UBC Theses and Dissertations
Investigation of the effect of genetic polymorphism on the selection of antigenic peptides in major histocompatibility complexes Kuan, Chia-Wei
Major histocompatibility complexes (MHCs) play a prominent role in the human adaptive immune system by presenting peptides derived from both host and foreign sources on the cell surface to T cells and eliciting appropriate immune responses during pathogenic invasions. MHC genes are highly polymorphic and the effect of polymorphism on the phenotype, known as an individual’s immunopeptidome, is still unclear. In this thesis, two independent but complementary methods of research were conducted to better understand the interaction between MHC alleles and the identities of peptides presented.
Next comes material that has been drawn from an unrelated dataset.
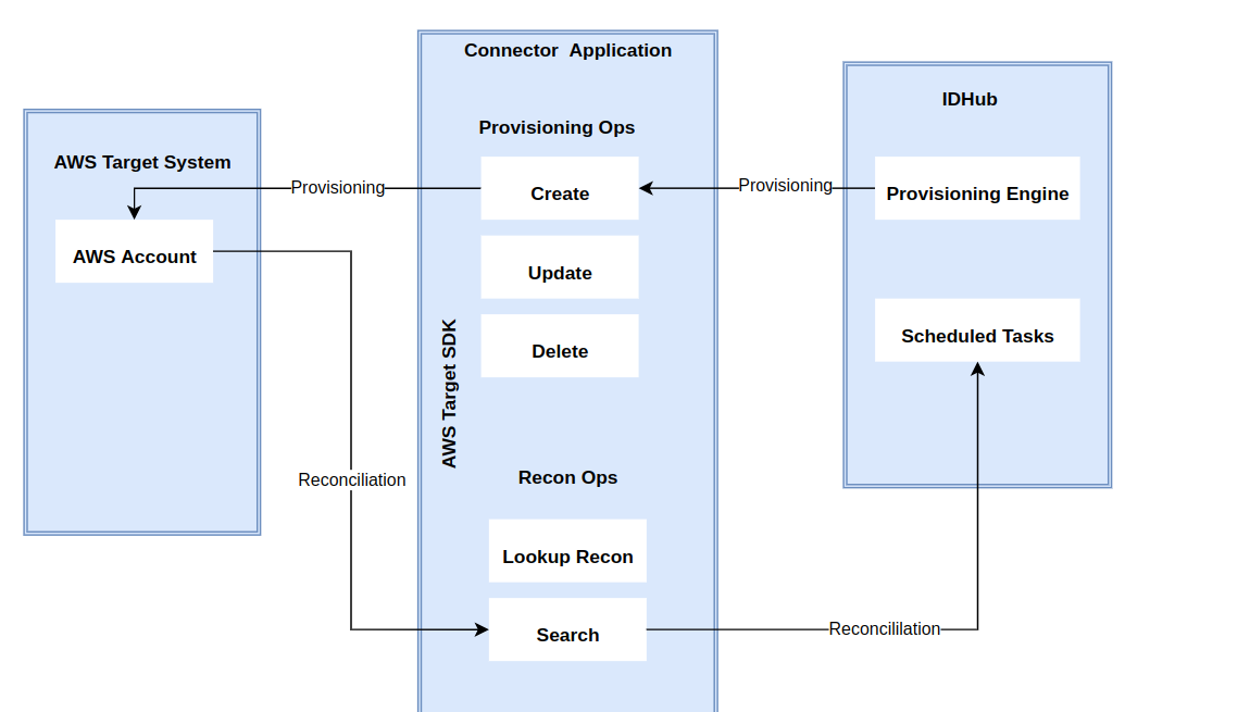 The connector's architecture is constructed in accordance with the diagram below: The connector architecture primarily consists of a connector application and a target system component. The native communication with the target system is handled by the target system by leveraging the IDHub implementation of the AWS Specific connection. This architecture is implemented because it allows for rapid and straightforward connector deployment as well as precise versioning capabilities. AWS APIs is used for provisioning and reconciliation from Amazon Web Services instance.

First, the antigen presentation machinery was reconstructed in vitro for class II MHCs. This was accomplished by cloning and expressing HLA-DM and HLA-DR in insect cells and purifying the proteins via affinity and size exclusion chromatography. While DM was successfully purified, DR was not. However, once established the in vitro system will offer a novel way to deduce the preferred binding residues for any MHC allele or combinations of alleles, information traditional immunoprecipitation experiments cannot obtain. Next, in an effort to achieve higher confident assignments of class II MHC binding residues, a cell surface acid elution protocol was developed and performed on consanguineous B cell lines. Extracted peptides were identified using liquid chromatography tandem mass spectrometry. To verify that most surface peptides originated from MHCs, lentiviral shRNA was used to knock down HLA-A prior to acid elution, and the identities of peptides were compared to those obtained from the same cell line transduced with a non-targeting shRNA sequence. Results followed anticipated trends and validated the technique as a means to extract MHC peptides. Furthermore, the nature of consanguineous data sets allows for intra-experimental comparisons to decipher allele-specific peptides. Ultimately, these experiments present new ways to study the immunopeptidome and possess the potential to be applied to the vaccine development research field in the future.